That being said, I now want to customize and also validate some of my covariates/features: if I call a particular component before the intent classifier, I want to check the X matrix to see if the feature was created as I expected. How can I do this?

Also, I want to do tests of the same type with the entire dialogue and also some points of the tracker:

  • How do I access the (X, y) data (tidy format) that is sent to Keras to execute all the policy steps?;

  • How can I access the tracker data/check the same data at each point of a dialogue? My intent is to access the features that Keras is using to make inference after the model is already trained.

I will start to explore more the Python API but any starting point that could help me on this questions would be just great. I appreciate any answer or any link that covers these points!

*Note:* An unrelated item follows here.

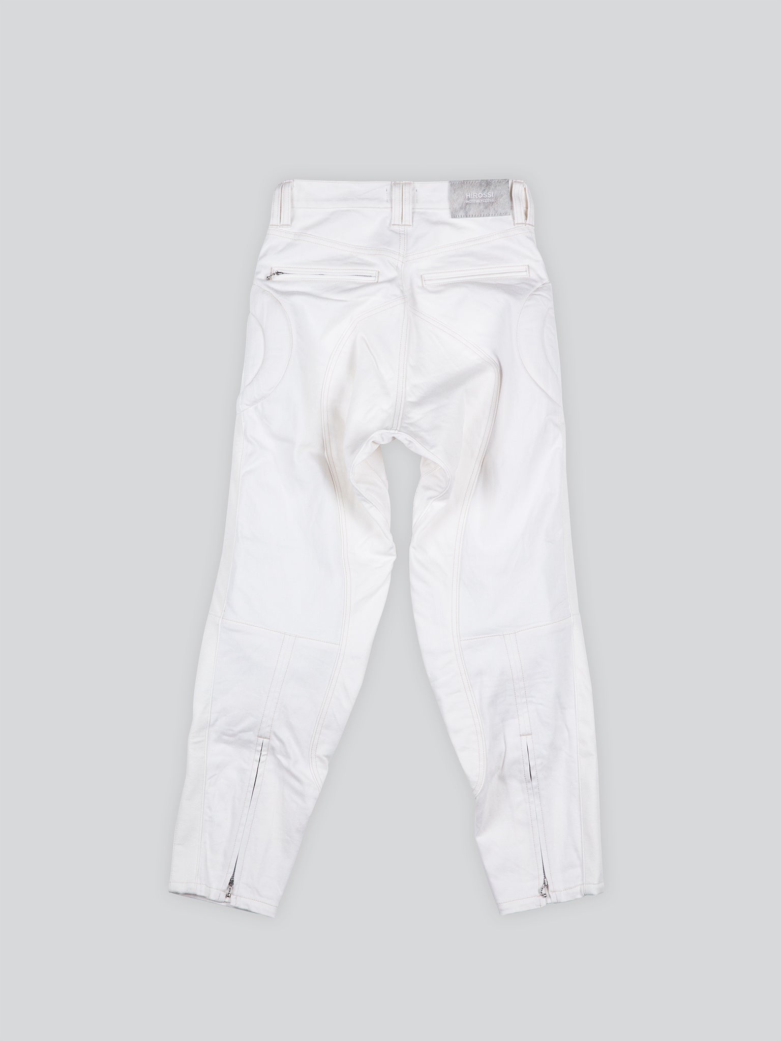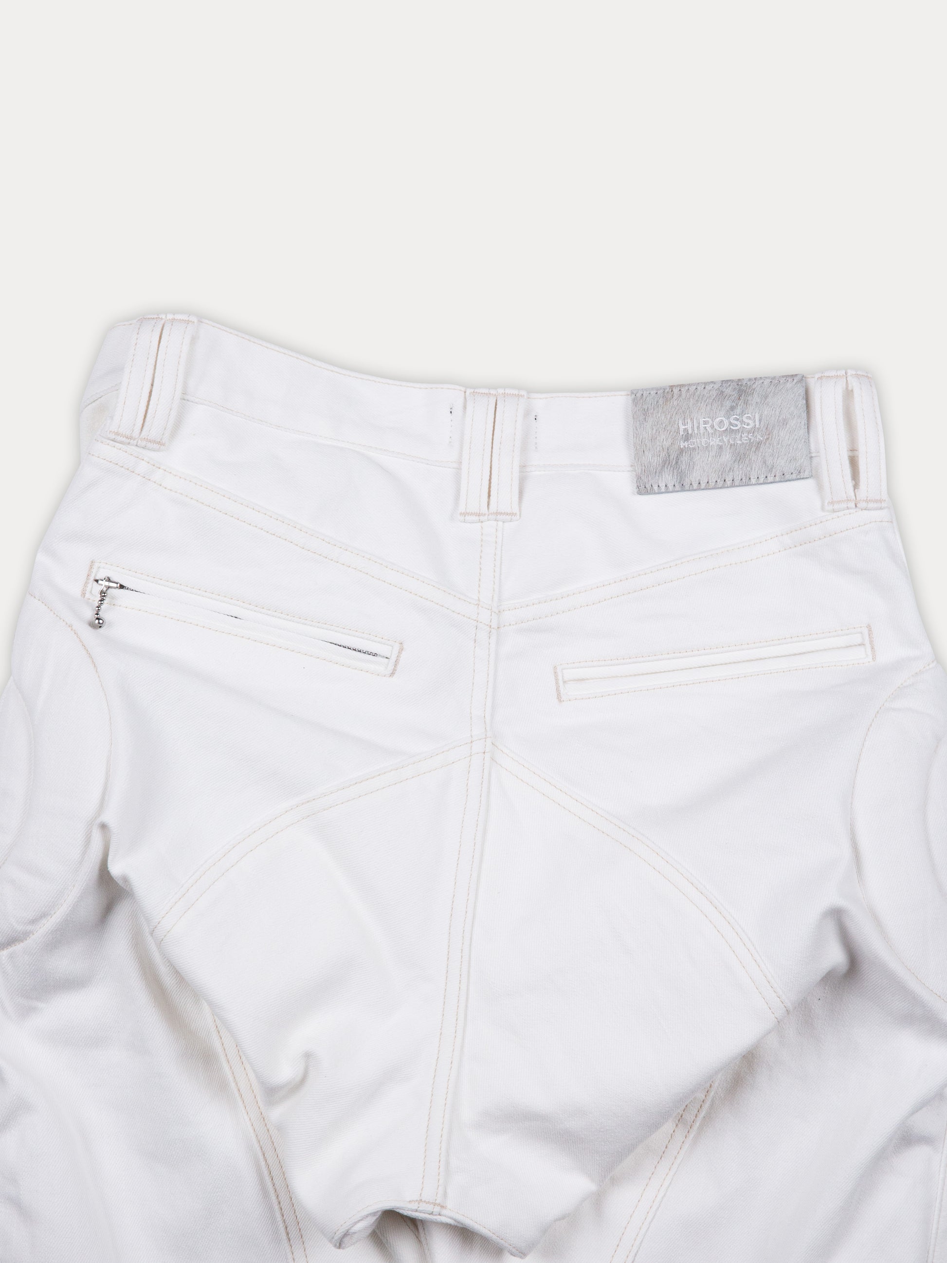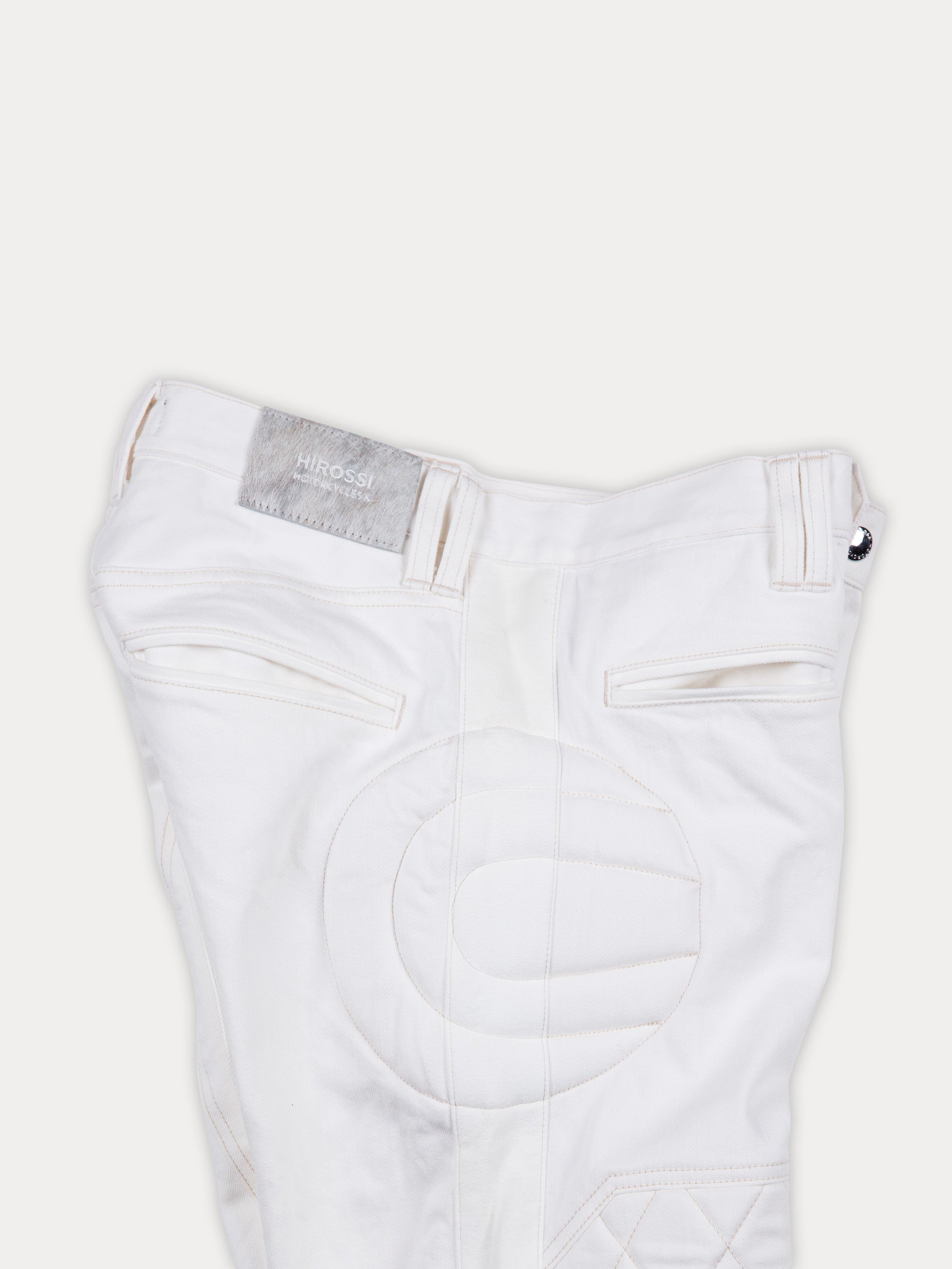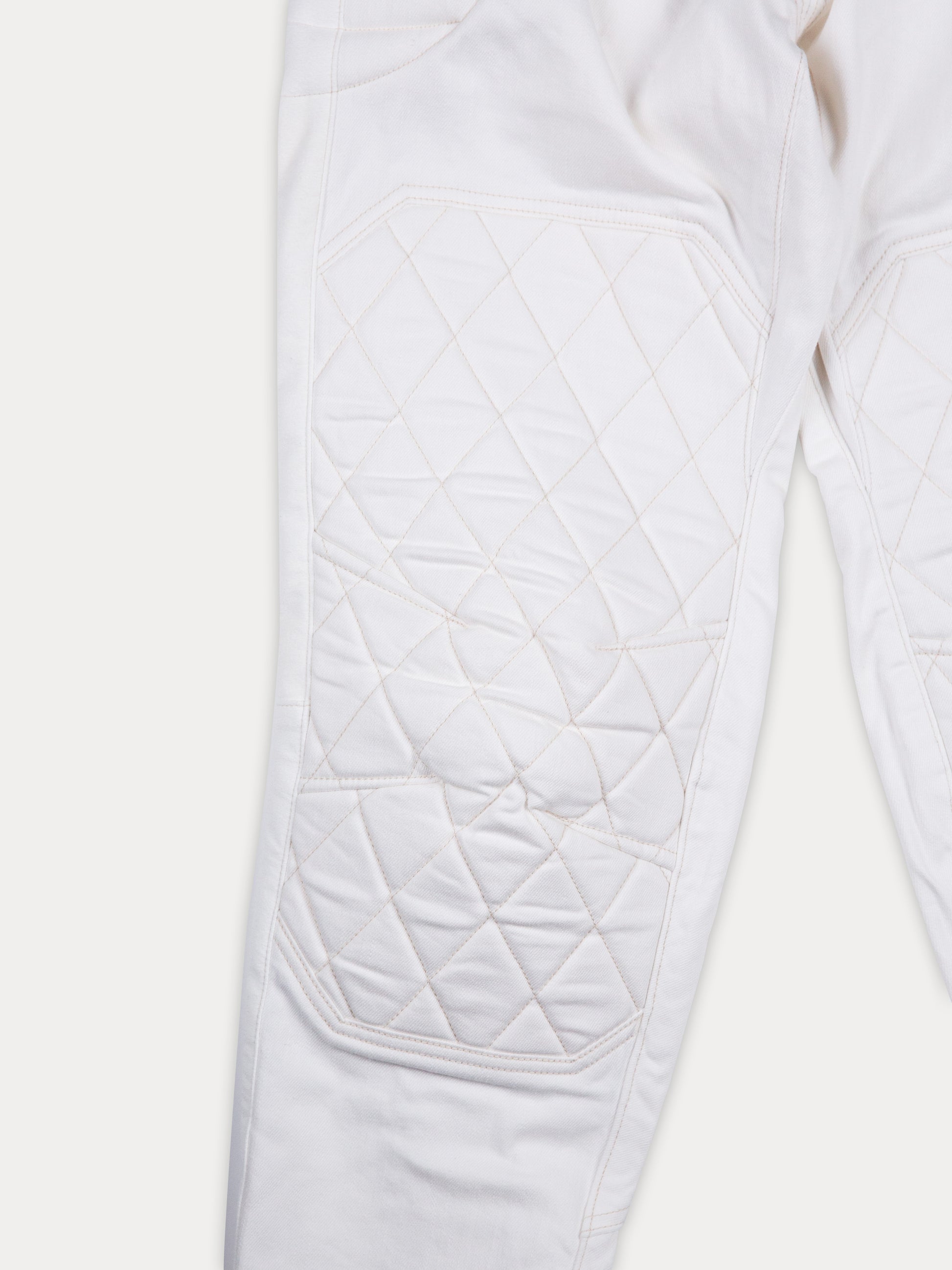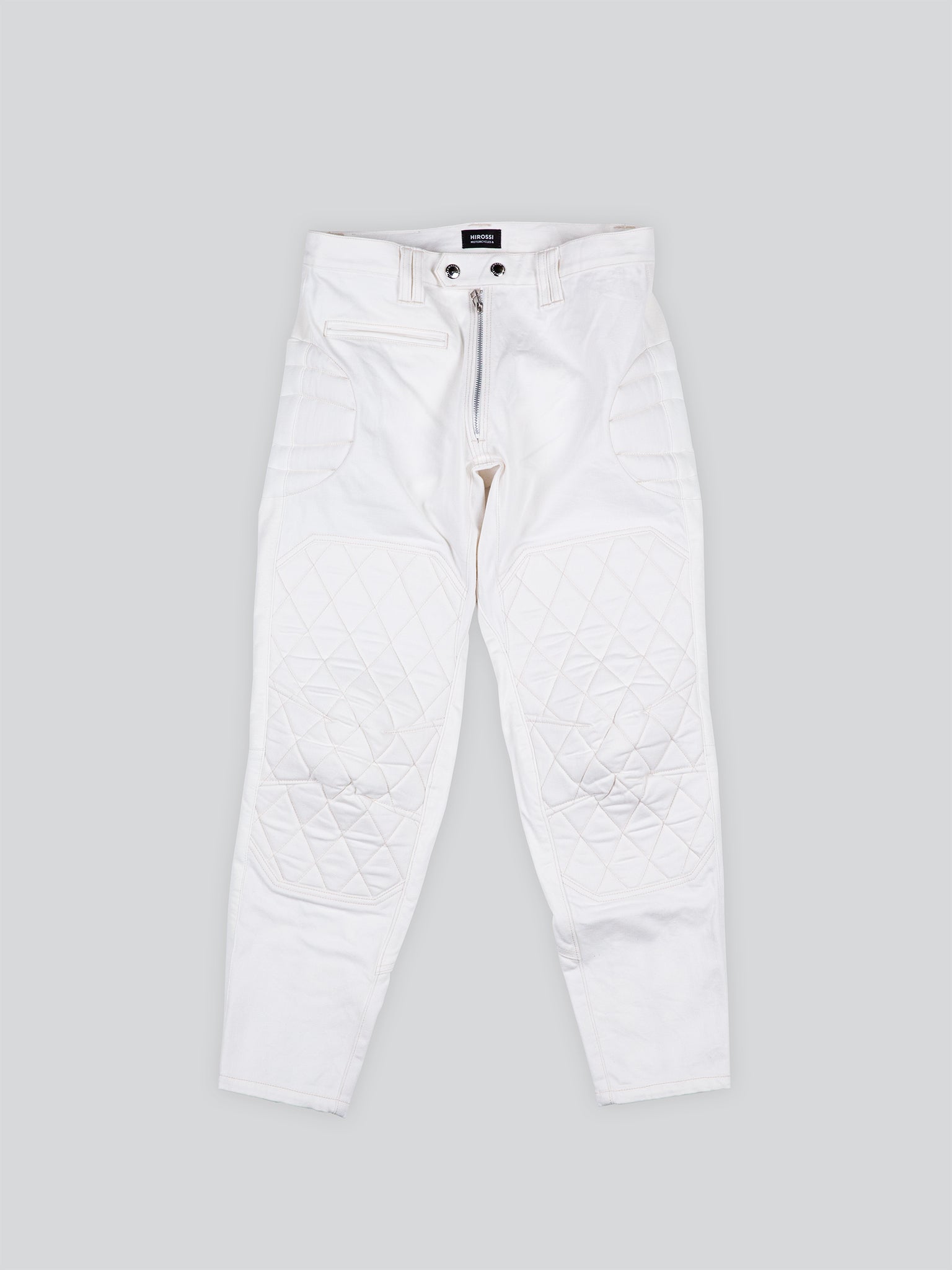 岡山県児島産。メタルボタンとジップで開閉。右フロントにスラッシュポケット。サイドと膝周りに反発性があるウレタンフォームを内側にキルティングを施し、膝を立体的に構築。右バックにスラッシュポケット。左バックにジップオープン、スラッシュポケット。尻当ては生地2枚仕立てで膝下まで続く。ヘムのバックは着脱しやすいオープンジップ仕様。股にマチを入れて突っ張りを無くし、運動機能を高めている。

X, Y that is passed to nlu intent classifier is here: rasa/embedding_intent_classifier.py at 18590e3eb699965e0826a280d4e658a329032ab6 · RasaHQ/rasa · GitHub

X, Y that is passed to Keras is here: rasa/keras_policy.py at 18590e3eb699965e0826a280d4e658a329032ab6 · RasaHQ/rasa · GitHub

please check the corresponding methods to see how it is extracted

1 Like

EDIT:

Interesting. Thank you for the quick answer. Do you know if there is a list of column names or codes for helping to interpret the columns of the X matrix?

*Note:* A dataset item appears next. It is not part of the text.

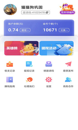 淘兼职也提供了众人帮互助赚的机会。用户可以邀请好友一起加入淘兼职,通过邀请越多,赚钱越快的方式,实现众人帮助你赚钱的效果。新用户注册还能够获得红包奖励,随时可提现,轻松赚取零花钱。每日签到、观看视频也可以获得金币奖励和现金奖励,让用户实现天天赚钱的目标。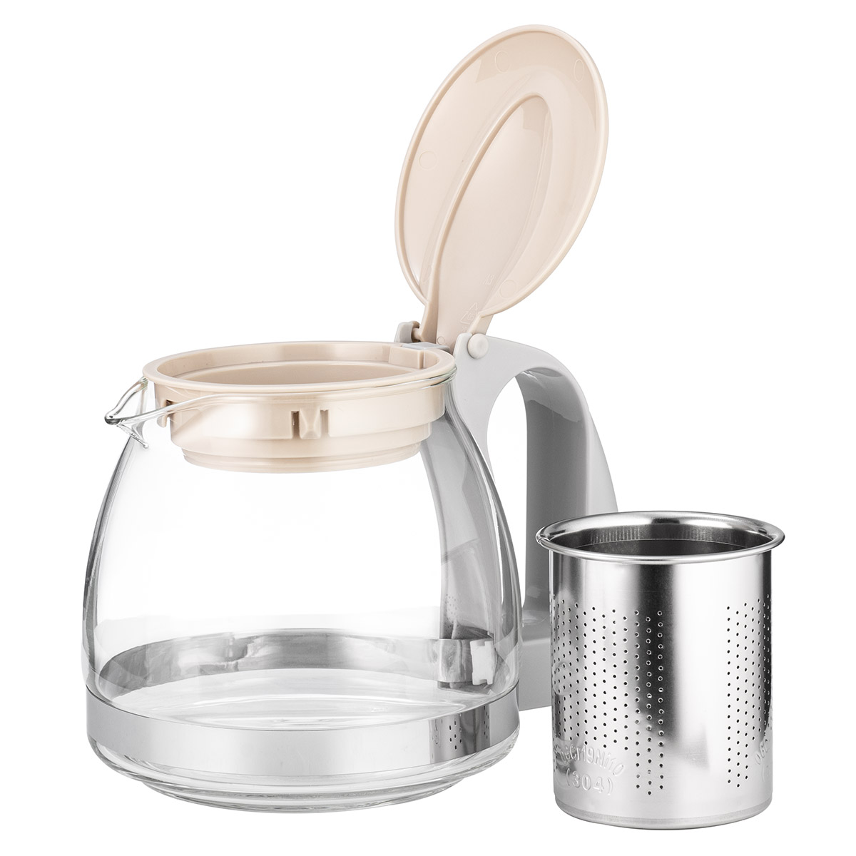 Чайник для заваривания LARA – отличное решение для приятного чаепития. Объема чаши хватит, чтобы заварить 2-3 порции любимого напитка. Эргономичная ручка и крышка с курком дают возможность использовать его одной рукой. При производстве были использованы только экологически чистые материалы. Чайник классической формы выполнен из прозрачного силикатного стекла, стильная крышка и ручка – из пищевого пластика. Кольцо из нержавеющей стали с хромированной отделкой крепит ручку к колбе и дополняет внешний вид

With the Python API, I used the trainer on my “nlu.md” together with my “config.yml” and I inspected the instance of Interpreter that I get after the training.

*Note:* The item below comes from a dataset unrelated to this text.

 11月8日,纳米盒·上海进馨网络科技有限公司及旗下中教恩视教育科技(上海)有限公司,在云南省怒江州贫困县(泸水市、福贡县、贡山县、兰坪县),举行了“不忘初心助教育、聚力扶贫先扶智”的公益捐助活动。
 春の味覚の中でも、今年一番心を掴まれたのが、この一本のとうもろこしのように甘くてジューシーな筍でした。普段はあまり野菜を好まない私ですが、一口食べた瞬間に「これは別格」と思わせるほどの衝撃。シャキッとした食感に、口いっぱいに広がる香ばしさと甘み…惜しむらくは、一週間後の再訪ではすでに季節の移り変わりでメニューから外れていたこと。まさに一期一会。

I then use the attribute ‘pipeline’ to reach my classifier. Suppose that I allocate it then to a variable called “cl”.

d = cl._create_intent_dict(training_data)
X, Y, ints = cl._prepare_data_for_training(training_data, d)

This gives me the model matrix that I was after. Strange thing is: X only contains none… do you know why? My doubt also is: can I, somehow, identify which column corresponds to my regex treatments or my embedding features? I mean… is there a name/map for the columns which I can use to infer the meaning of the column?

Ok, I think I am getting.

This internal method “_prepare_data_for_training” just initiates X for TensorFlow populating it after. If you check the attribute “a_in” in the classifier component object, you shall get the size/dimension of the feature vector.

Given this and the graph execution plan that TensorFlow uses, I prefered to try going backward from interpreter.parse: this method has this part in its code:

    for component in self.pipeline:
        component.process(message, **self.context)

That given, I tried something like:

msg = Message("I want product XYZ", interpreter.default_output_attributes())
for c in interpreter.pipeline:
    c.process(msg, **interpreter.context)
msg.get('text_features')

Hooray! This gives me the populated model matrix X! Now I wonder if I can access the variable/feature names in some place. Any ideas?

I don’t understand, what do you mean